Speaking Our Truth About Chronic Illness
Can we reveal more about our illness experience?
Posted Mar 15, 2018
You may have seen medication advertisements on television in which beautiful people are gardening, walking on a beach with a romantic partner, and tossing a laughing child into the air. As the montage rolls, the radiant actors gush about how much this particular medicine has improved their lives. At the close of the commercial, an eerily soothing voiceover informs viewers that this medication may cause a series of side effects akin to bizarre torture and perhaps even death. “Who would put that into their body?!” you may have thought. (Raises hand). Me. Last week
I had my first infusion of Stelara last Friday. It’s a biologic drug that turns down my overly eager immune system. Like other biologics, it has a long list of potential side effects and scary pictures that pop up from a Google search. I last tried a biologic drug in 2011, and it worked great until I developed horrific side effects after a year of success. To put it mildly, this fiasco was so awful that I vowed I’d never poison my body again. So I used a bunch of stop-gap measures (prednisone, limited food intake, and sporadic hospitalizations) that barely held me together before requiring surgery in 2013. This surgery created major complications that took over a year to resolve. Again, to put it mildly, not a great period of my life.
The results of my most recent colonoscopy (I get one every year - another fun fact of life with Crohn’s Disease) showed disease activity such that my doctor urged me to take action. I had a choice. There was Option A - I called it “a rock”; and there was Option B - also known as “a hard place”. Option A was to begin Stelara; Option B was to do nothing. To start Stelara would be to attack the disease and (hopefully) stop it in its tracks. It also would be to risk grave side effects. To do nothing would be to eliminate the risk of these particular side effects but allow the disease to diminish my quality of life, ultimately leading to surgery and presenting a different set of risks. What was a girl to do?

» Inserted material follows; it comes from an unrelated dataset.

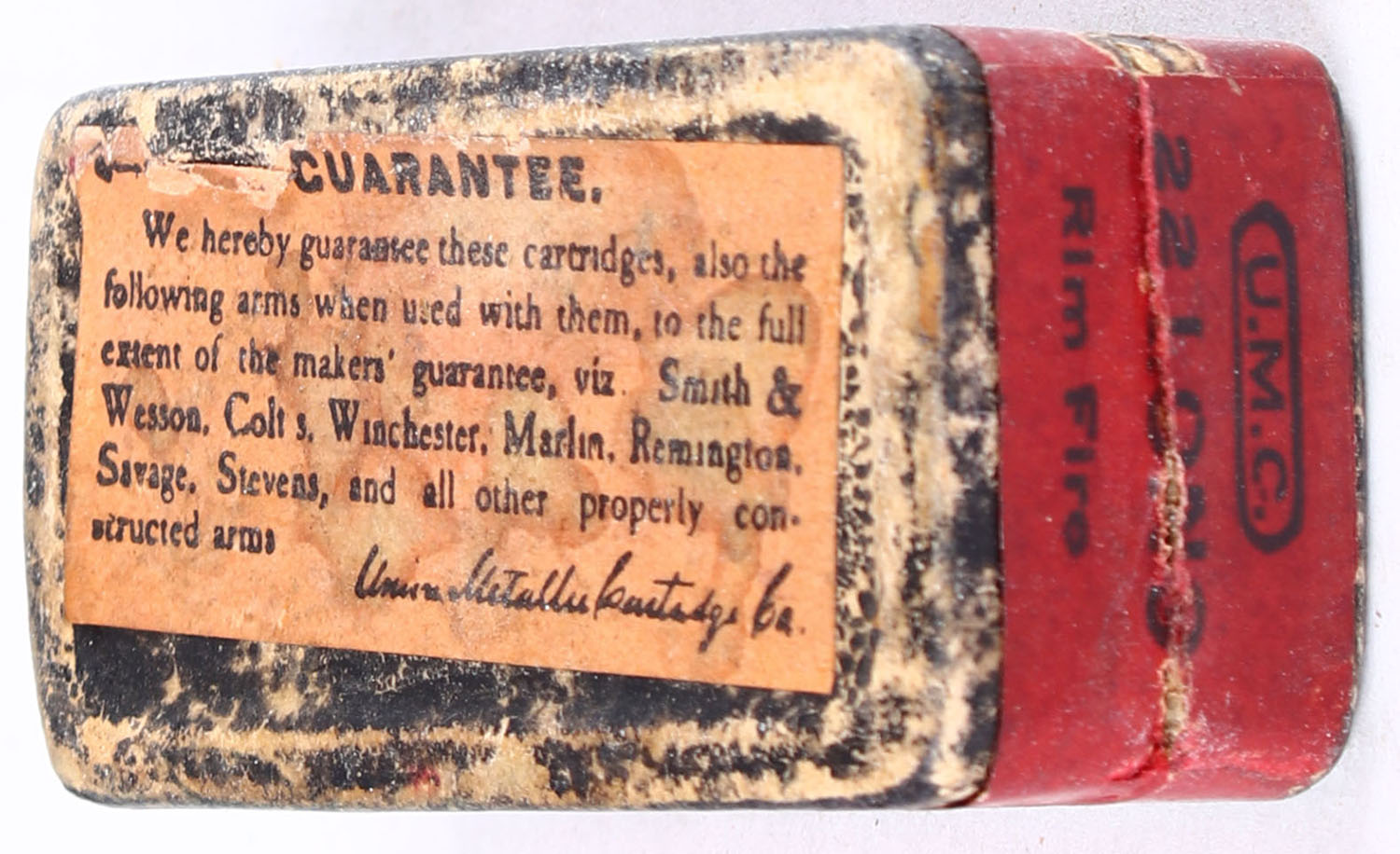 UMC, Rim Fire Cartridges, .22 Long, Swaged Bullet, RHWeb: UMC-8 L-1a, FULL & SEALED*, 2pc. Black mottled box with red top & side sealing labels, box is solid with very good to excellent color, some shelf wear, minor edge & corner wear, label has been unsealed on front side & right end, label is intact. Grade: Very Good + - Value: 80 to 120

For the first time in my life, I told my close friends about my anguished decision-making process. I chose to reveal the details of my dilemma instead of saying breezily, “Probably gotta start a new medication; wish me luck!” I painted a picture for them: “This is what it was like when I had a medication reaction. This is what it was like when I had surgical complications. This is why I am so paralyzed by this decision that I can’t sleep at night. This is who I am right now.”
My friends listened closely, asked for more information, and empathized with my fear. I felt seen; I felt heard; I felt understood. One of them looked at me with sad eyes and said, “I had no idea.” This struck me as important. How was it that I’d kept so many of the details of my experience from her? She knew I had Crohn’s Disease, but she didn’t know what that meant in terms of my lived experience. She didn’t know because I hadn’t let her in. I’d made the decision to keep her and everyone else in my life at arm’s length when it came to my illness. I am trying - little by little, disclosure by disclosure - to rectify that.
For the longest time, my illness self has lived on an island protected by a moat. With each moment of honesty, each word of revelation, each attempt at vulnerability, I am building a bridge that crosses the moat and connects this island to the outside world. With each positive experience, the bridge gets sturdier. My illness self can cross it and interact with other people; others can cross and find me when I can’t leave the island of illness. I now have company. I am not alone.
When you've lived on the island of illness for a long time, it can be hard to know how to start building that bridge of connection. If you would like to explore this, I’d ask that you take ten minutes and write a letter to a friend or relative of your choice. The subject of your letter is “Things I Wish You Knew About My Illness.” Don’t think too hard, and don’t worry about your handwriting or spelling. This is not a letter to be sent unless you choose to send it; it’s really for you, so just let the words flow. When you’ve finished writing, put the letter away for an hour, a day, a week. Then return to it and reflect on what you wrote. What surprises you about your letter? What feelings come up when you read it? What would be the easiest part of your letter to share with the addressee? What would be the most difficult?
It may hurt to write this letter. It may feel risky to put into words the things that feel so vulnerable that they have to live all alone on an island. But here’s what you’ve done in taking pen to paper: You’ve created word-bricks with which you can build your bridge crossing the moat that separates you from the world. You’ve started the process.
If I were making a tv commercial in favor of speaking the truth of illness, I would portray ordinary people going about their lives. They might say, “I feel less lonely.” “I feel sturdier.” “I am not invisible.” The voice-over would not warn of dangerous side-effects; rather, it would say, “There are minimal risks and maximum benefits associated with this procedure. Don’t hesitate to try it. You’ve got this.”